(Extracted records)
◆ ◆ ◆ ◆

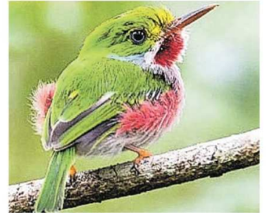
The Cuban Tody is another of the island's endemic species.

info on our natural environment, contact the Trinidad and Tobago Field Naturalists' Club at admin@ttfnc.org or visit our website at www.ttfnc.org and our Facebook or YouTube pages. The club's next monthly meeting is on October 12 at St Mary's College, Port of Spain.
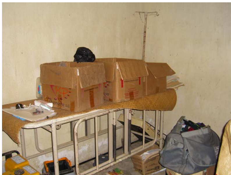
Figure 7 – Picture of Enfoque Ixcan supplies in Health Post storage room

special security for these products besides the Health Post's normal locked doors and windows. Enfoque Ixcan's Board of Directors has discussed building a locked cabinet to hold Enfoque Ixcan supplies and equipment.
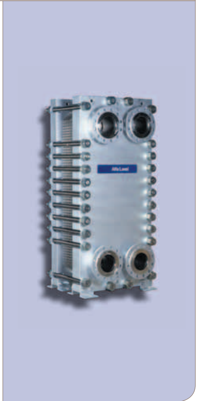
AlfaRex TM20 - All welded Plate Heat Exchanger

The construction only utilizes welding in the plane of the plate i.e. in two directions thereby avoiding welds in a third direction. This design ensures retained flexibility of the plate pack allowing for thermal and hydraulic expansions and contractions which will reduce the risk for fatigue cracks.
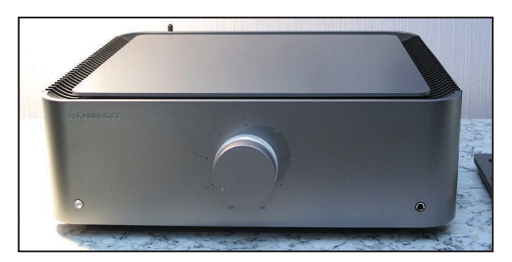
Cambridge Audio's new Edge W employs modified A/B operation for clean and efficient power...good looking as well!

In another Axiss room, I had a nice visit with the A&M Ltd.
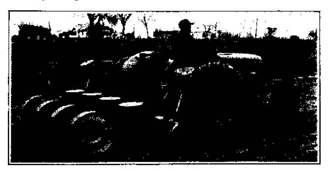
Figure 2.—Ford-Ferguson experimental single-seed sugar beet planter under development in 1945.

The Rassman planter was a regular Rassmann unit built last year. The Ford planter was an experimental machine under development by Ford-Ferguson. It mounts directly on the rear of a Ford tractor and has horizontal seed plates driven by V-belts from press wheels of about 18 to 20 inches diameter. The openers are combination shovel furrowers and small runners. The Cobbley planter was this year's new Cobbley units mounted directly on John Deere No. 55 double disk openers. The seed tubes curved back slightly between the opener disks just enough to clear the disks and drop the seed in the opened furrow rather than in the V between the disks. Planting 29 was with a unit of Mervine's pick-up cup, single seed planter built several years ago.
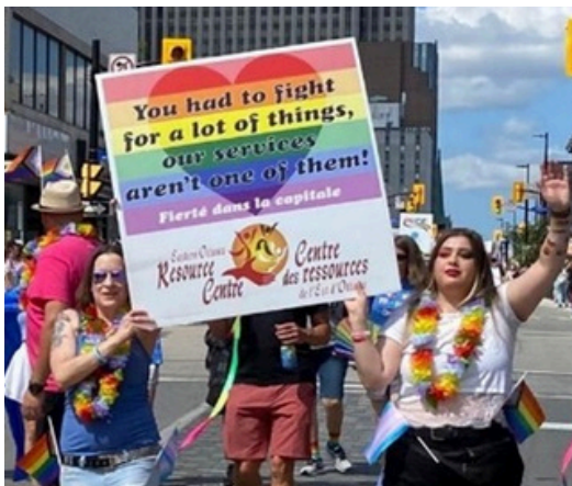
EORC at Pride 2023

The Resource and Referral program continued to receive a high volume of requests, particularly for the Hydro Low-Income Energy Assistance Program (LEAP), the Ontario Electricity Support Program (OESP), and our food cupboard. Seasonal initiatives such as Teen Angels, Back to School, and Christmas Exchange programs were also in very high demand this year, highlighting the ongoing financial struggles within our community.
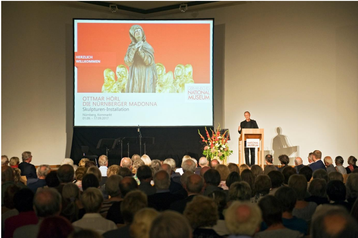
Opening of the Die Nürnberger Madonna [The Nuremberg Madonna] installation, 2017, Germanisches Nationalmuseum, Nuremberg
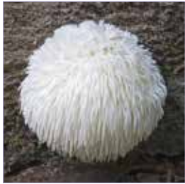
Lion's Mane Mushroom Hericium erinaceus
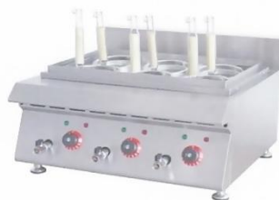
Counter Top Electric Noodle Cooker Model : ET-TEN-60 W600xD600xH400mm Volt:220V/50Hz Power:6KW N/W:25kg
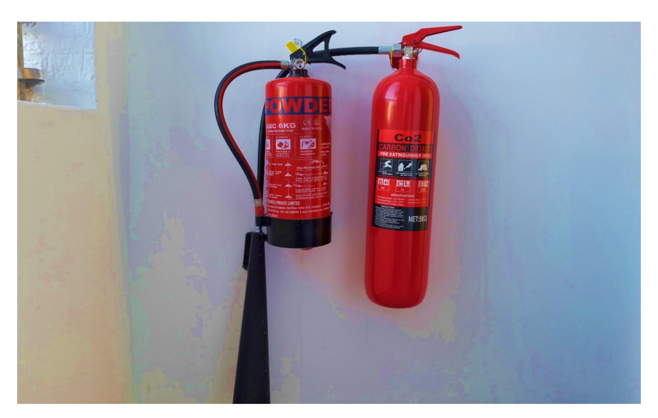
Phase 1 works showing: Fire extinguishers installed
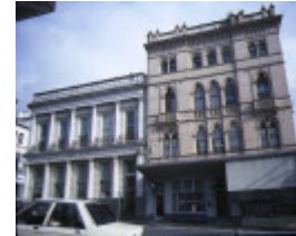
Former Union Bank Building Ballarat Front View
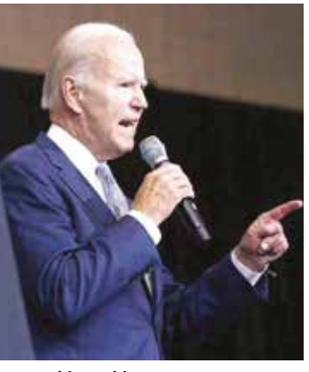
US President Biden

"I think that the idea of cutting taxes on the super wealthy at a time when anyway, I just think – I disagreed with the policy, but that's up to Great Britain to make that judgment, not me."
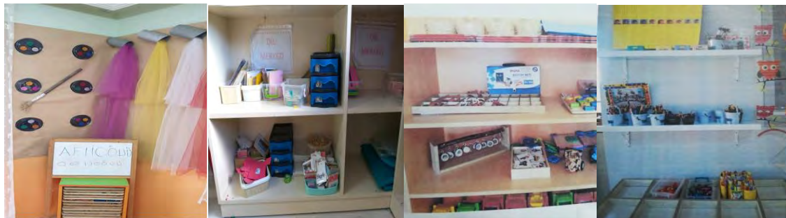
Figure 1. Images of readiness for reading and writing center in some kindergartens

"We have a center with letters and cards called the language center."(T 21)
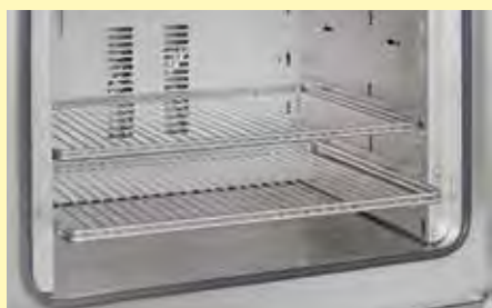
Extricable metal grids to load the oven in different layers

*Please see page 84 for more information about supply voltage
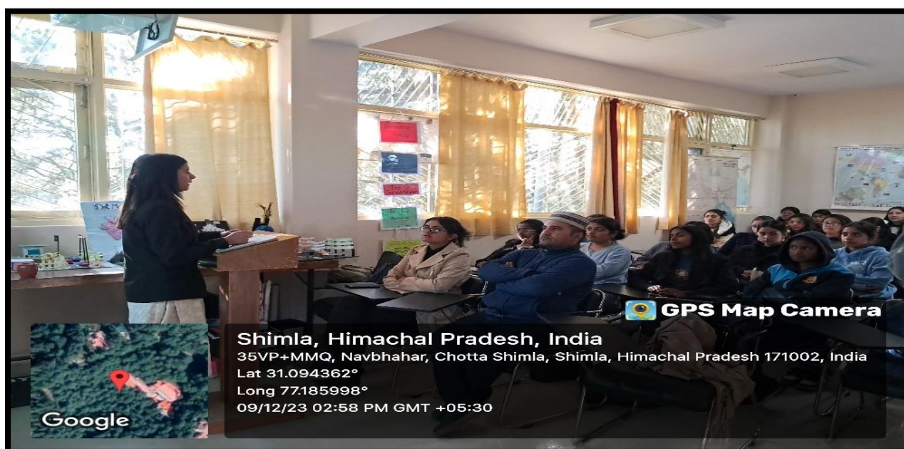
Presentation by the Vice-President of the Cell

Outcomes: -The session was quite interesting as it brought a lot of knowledge about our apex body who is responsible in regulating and managing disaster across the country. The session helped students a lot by answering their problems and queries regarding law and policy making, procedure, structure and functioning.
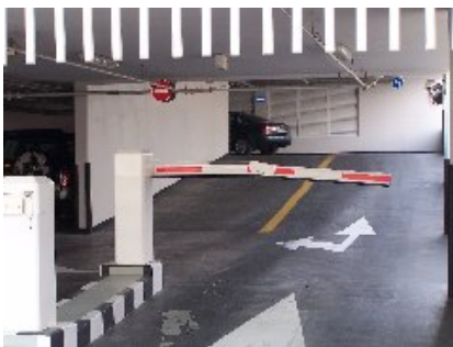
Capricorn Tower Dubai

◆ ◆ ◆ ◆

Exercise brief — Repeat the entries exactly, pictures left out.

Solved problem —
The Cuban Tody is another of the island's endemic species.

info on our natural environment, contact the Trinidad and Tobago Field Naturalists' Club at admin@ttfnc.org or visit our website at www.ttfnc.org and our Facebook or YouTube pages. The club's next monthly meeting is on October 12 at St Mary's College, Port of Spain.
Figure 7 – Picture of Enfoque Ixcan supplies in Health Post storage room

special security for these products besides the Health Post's normal locked doors and windows. Enfoque Ixcan's Board of Directors has discussed building a locked cabinet to hold Enfoque Ixcan supplies and equipment.
AlfaRex TM20 - All welded Plate Heat Exchanger

The construction only utilizes welding in the plane of the plate i.e. in two directions thereby avoiding welds in a third direction. This design ensures retained flexibility of the plate pack allowing for thermal and hydraulic expansions and contractions which will reduce the risk for fatigue cracks.
Cambridge Audio's new Edge W employs modified A/B operation for clean and efficient power...good looking as well!

In another Axiss room, I had a nice visit with the A&M Ltd.
Figure 2.—Ford-Ferguson experimental single-seed sugar beet planter under development in 1945.

The Rassman planter was a regular Rassmann unit built last year. The Ford planter was an experimental machine under development by Ford-Ferguson. It mounts directly on the rear of a Ford tractor and has horizontal seed plates driven by V-belts from press wheels of about 18 to 20 inches diameter. The openers are combination shovel furrowers and small runners. The Cobbley planter was this year's new Cobbley units mounted directly on John Deere No. 55 double disk openers. The seed tubes curved back slightly between the opener disks just enough to clear the disks and drop the seed in the opened furrow rather than in the V between the disks. Planting 29 was with a unit of Mervine's pick-up cup, single seed planter built several years ago.
EORC at Pride 2023

The Resource and Referral program continued to receive a high volume of requests, particularly for the Hydro Low-Income Energy Assistance Program (LEAP), the Ontario Electricity Support Program (OESP), and our food cupboard. Seasonal initiatives such as Teen Angels, Back to School, and Christmas Exchange programs were also in very high demand this year, highlighting the ongoing financial struggles within our community.
Opening of the Die Nürnberger Madonna [The Nuremberg Madonna] installation, 2017, Germanisches Nationalmuseum, Nuremberg
Lion's Mane Mushroom Hericium erinaceus
Counter Top Electric Noodle Cooker Model : ET-TEN-60 W600xD600xH400mm Volt:220V/50Hz Power:6KW N/W:25kg
Phase 1 works showing: Fire extinguishers installed
Former Union Bank Building Ballarat Front View
US President Biden

"I think that the idea of cutting taxes on the super wealthy at a time when anyway, I just think – I disagreed with the policy, but that's up to Great Britain to make that judgment, not me."
Figure 1. Images of readiness for reading and writing center in some kindergartens

"We have a center with letters and cards called the language center."(T 21)
Extricable metal grids to load the oven in different layers

*Please see page 84 for more information about supply voltage
Presentation by the Vice-President of the Cell

Outcomes: -The session was quite interesting as it brought a lot of knowledge about our apex body who is responsible in regulating and managing disaster across the country. The session helped students a lot by answering their problems and queries regarding law and policy making, procedure, structure and functioning.
Capricorn Tower Dubai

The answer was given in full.